Different paradigms in SCS therapy
Conventional (Paresthesia-Based) paradigm: This paradigm relies on inducing a tingling sensation (paresthesia) in the painful area. The patient adjusts the stimulation settings to overlap the pain with the paresthesia, effectively masking the pain signals. The effectiveness of different SCS stimulation patterns has also been investigated. Compared the interference effects on somatosensory evoked potentials (SEPs) from tonic, burst, and high-dose SCS. The study found that burst stimulation with a similar energy to tonic stimulation did not reduce SEP amplitude as much as tonic stimulation, suggesting different effects on the spinal cord. According to the study results, conventional tonic spinal cord stimulations and burst or high-dose spinal cord stimulations have different sites of action and effects on the spinal cord [87]. Similarly, Goebel et al. reported the successful use of dorsal root ganglion (DRG) stimulation for CRPS recurrence after amputation and failure of conventional SCS. DRG stimulation has been suggested as a potentially effective treatment for CRPS when conventional SCS fails [88].
Paraesthesia-Free paradigm (Sub-Threshold): In this approach, the goal is to provide pain relief without inducing paresthesia. This is particularly useful for patients who find paresthesia uncomfortable or for areas where paresthesia cannot cover the entire pain region effectively. High-frequency SCS (HF10 therapy) is another approach that has been explored for the treatment of chronic low back and leg pain, including neuropathic pain syndromes. HF10 therapy uses high-frequency stimulation (10 kHz) that is below the neuronal threshold for sensitive perceptions, thus eliminating paresthesia [81]. The mechanism of action of SCS in the treatment of CRPS is not fully understood. However, several theories have been proposed. One theory suggests that SCS suppresses the electroencephalographic evoked pain response in CRPS patients, indicating a modulation of pain processing at the spinal cord level. Another theory suggests that SCS may reduce glial activation at the spinal cord level and activate opioid receptors, leading to pain relief [89]. While SCS has shown efficacy in the treatment of CRPS, it is important to note that the clinical outcome data is limited to a small number of studies and case reports. Further research is needed to better understand the optimal patient selection criteria, stimulation parameters, and long-term outcomes of SCS in the treatment of CRPS.
Closed-Loop SCS systems: Closed-loop SCS systems, also known as adaptive or responsive systems, represent a paradigm shift in SCS therapy. These systems use real-time feedback to adjust stimulation parameters based on the patient's pain levels, ensuring more personalized and dynamic pain management. For CRPS patients, whose pain intensity can vary widely, closed-loop systems offer the potential for improved efficacy and reduced reliance on manual adjustments.
ECAP (Evoked Compound Action Potential) technology: ECAP technology is a significant advancement in SCS therapy, allowing clinicians to directly measure the spinal cord's response to stimulation. By assessing the ECAP threshold, clinicians can optimize stimulation settings for each patient, improving pain relief accuracy and reducing the chances of uncomfortable paresthesia.

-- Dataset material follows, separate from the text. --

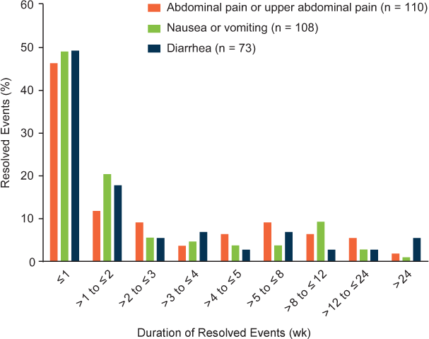 Common gastrointestinal events (abdominal pain, nausea/vomiting, and diarrhea) during the initial treatment period: duration of resolved events

Dorsal root ganglion stimulation: Dorsal root ganglion, offering potential advantages in terms of improved target control. One significant factor is the cerebrospinal fluid layer that surrounds the DRG, which has a considerably smaller volume compared to the layer surrounding the spinal cord. As a result, DRG stimulation necessitates lower stimulation amplitudes compared to traditional SCS. The DRG houses the cell bodies of sensory neurons and is an active participant in the development of certain forms of chronic pain. The cerebrospinal fluid layer surrounding the DRG has much lower volume than the one that surrounds the spinal cord. Therefore, lower stimulation amplitudes are required with DRG stimulation compared with SCS, resulting in less postural variation [90].
Conclusion
Spinal cord stimulation (SCS) has emerged as a pivotal neuromodulation therapy for managing chronic pain conditions such as Complex Regional Pain Syndrome (CRPS) and persistent spinal pain syndrome. Over the past five decades, advancements in waveform technology, including high-frequency, burst, Differential Target Multiplexed (DTM) waveforms, and dorsal root ganglion (DRG) stimulation, have significantly improved clinical outcomes by enhancing neuromodulatory effects and reducing paresthesia. SCS exerts its therapeutic effects by modulating the sympathetic nervous system (SNS), leading to improved pain processing, autonomic regulation, and functional recovery. Research into cortical reorganization and autonomic responses in CRPS patients suggests that SCS may play a crucial role in restoring dysfunctional pain networks. Furthermore, economic considerations highlight the cost-effectiveness of SCS compared to long-term pharmacological interventions, making it a viable alternative for chronic pain management.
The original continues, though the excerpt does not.